▶ Material provided
********
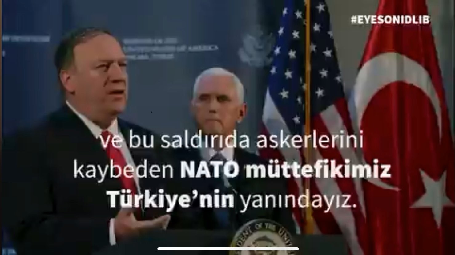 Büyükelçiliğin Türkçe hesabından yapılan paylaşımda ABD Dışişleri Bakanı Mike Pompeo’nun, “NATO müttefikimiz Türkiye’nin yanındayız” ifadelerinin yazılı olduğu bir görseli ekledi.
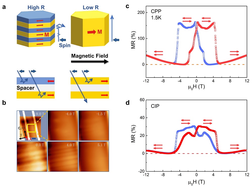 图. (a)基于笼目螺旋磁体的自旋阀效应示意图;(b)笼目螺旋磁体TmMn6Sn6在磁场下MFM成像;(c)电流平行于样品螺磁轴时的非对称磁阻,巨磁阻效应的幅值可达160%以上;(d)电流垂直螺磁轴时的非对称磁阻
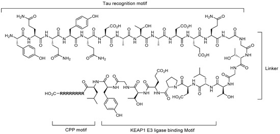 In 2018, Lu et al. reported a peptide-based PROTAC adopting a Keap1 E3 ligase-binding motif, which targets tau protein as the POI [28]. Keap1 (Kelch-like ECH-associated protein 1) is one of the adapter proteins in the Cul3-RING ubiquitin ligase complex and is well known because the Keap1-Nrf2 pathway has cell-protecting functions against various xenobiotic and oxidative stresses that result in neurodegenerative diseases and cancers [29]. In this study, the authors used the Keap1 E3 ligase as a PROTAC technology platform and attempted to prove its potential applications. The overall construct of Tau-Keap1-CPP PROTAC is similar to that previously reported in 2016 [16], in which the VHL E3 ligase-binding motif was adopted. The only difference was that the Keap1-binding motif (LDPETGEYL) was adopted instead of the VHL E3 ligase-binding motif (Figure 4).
********
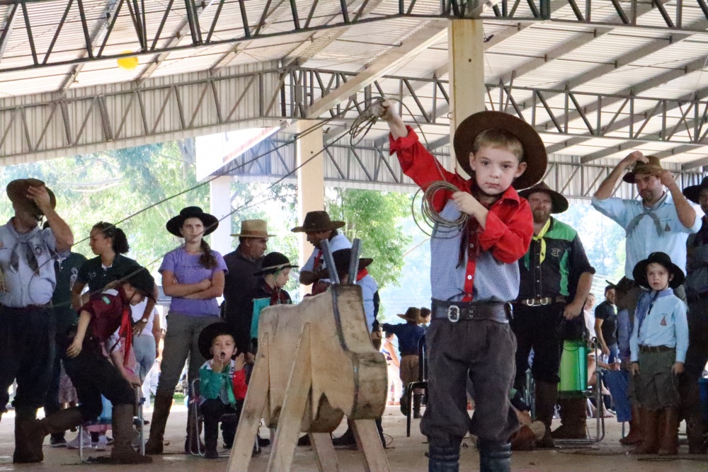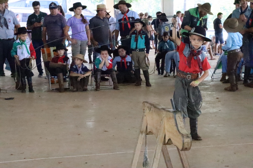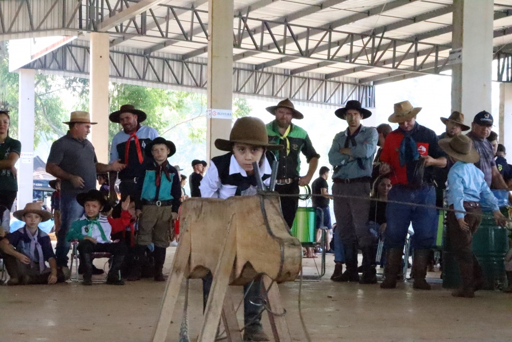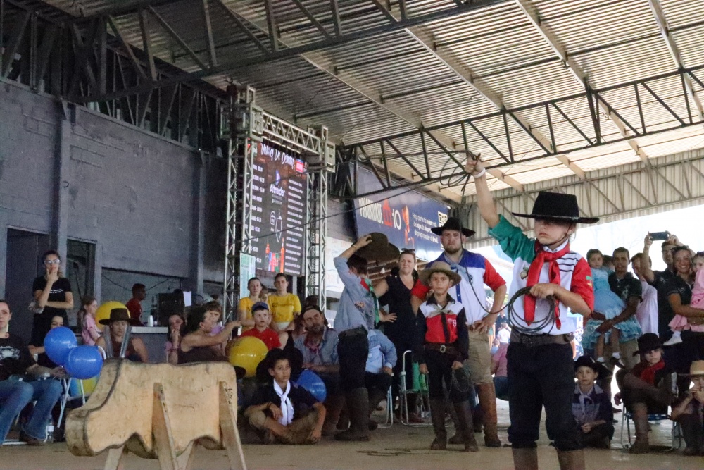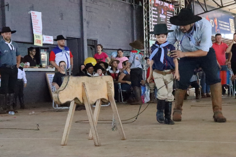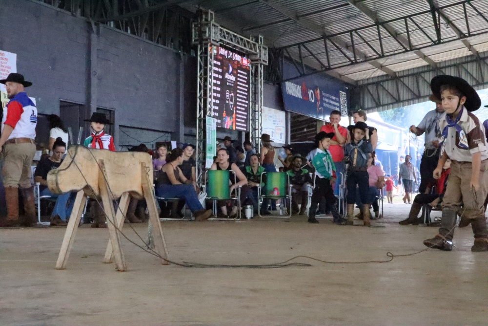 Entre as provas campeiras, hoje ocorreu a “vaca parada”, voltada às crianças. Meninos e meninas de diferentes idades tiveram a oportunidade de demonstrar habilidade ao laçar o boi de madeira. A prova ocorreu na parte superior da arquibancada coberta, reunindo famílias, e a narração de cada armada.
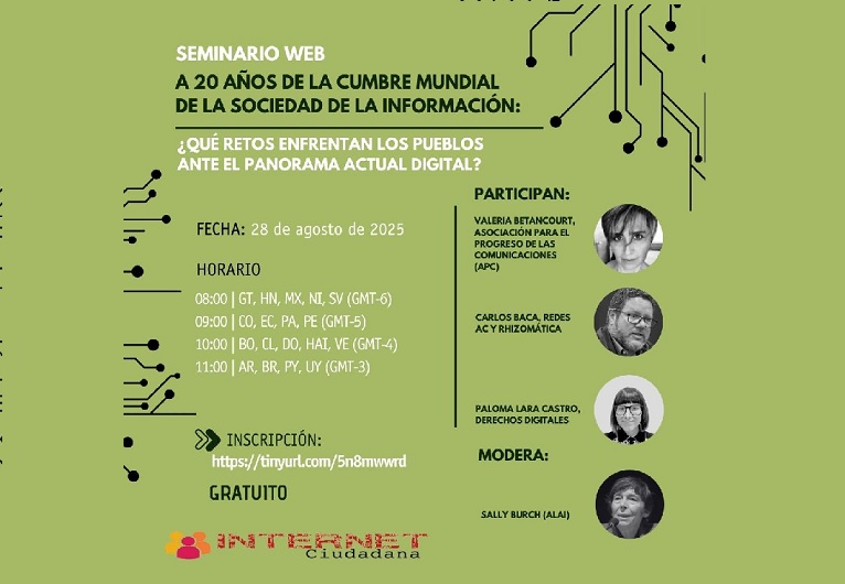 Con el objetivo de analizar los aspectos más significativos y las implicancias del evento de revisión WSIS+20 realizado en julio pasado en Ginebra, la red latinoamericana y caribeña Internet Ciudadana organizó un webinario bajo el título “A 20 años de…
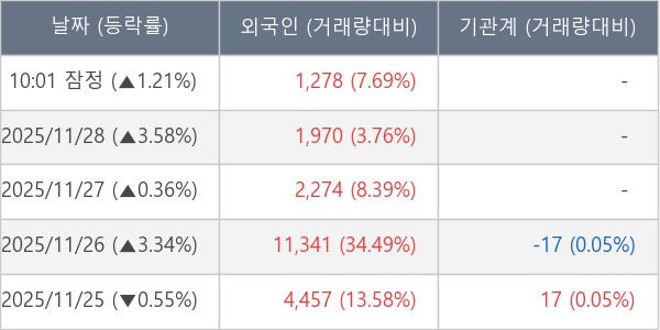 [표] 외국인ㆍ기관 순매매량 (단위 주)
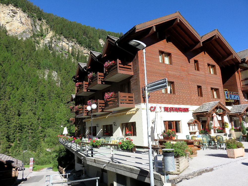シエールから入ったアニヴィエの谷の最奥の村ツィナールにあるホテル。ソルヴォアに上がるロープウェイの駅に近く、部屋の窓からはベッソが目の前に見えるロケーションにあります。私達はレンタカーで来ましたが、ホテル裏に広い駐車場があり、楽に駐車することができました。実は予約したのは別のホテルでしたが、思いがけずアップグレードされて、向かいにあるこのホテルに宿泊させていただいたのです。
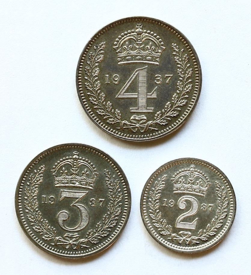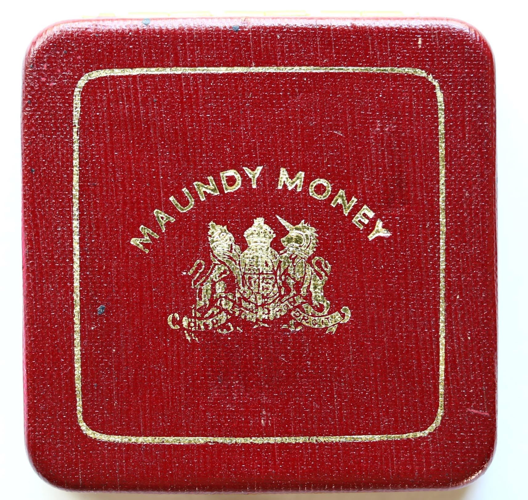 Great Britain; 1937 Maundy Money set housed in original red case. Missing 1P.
********
▶ What is required
Quote the lines above exactly, starting with the one that has "Entre as provas" and ending with the one that has "[표] 외국인ㆍ기관 순매매량 (단위 주)"; drop the pictures and include nothing else.

▶ Solution to this task
 Entre as provas campeiras, hoje ocorreu a “vaca parada”, voltada às crianças. Meninos e meninas de diferentes idades tiveram a oportunidade de demonstrar habilidade ao laçar o boi de madeira. A prova ocorreu na parte superior da arquibancada coberta, reunindo famílias, e a narração de cada armada.
 Con el objetivo de analizar los aspectos más significativos y las implicancias del evento de revisión WSIS+20 realizado en julio pasado en Ginebra, la red latinoamericana y caribeña Internet Ciudadana organizó un webinario bajo el título “A 20 años de…
 [표] 외국인ㆍ기관 순매매량 (단위 주)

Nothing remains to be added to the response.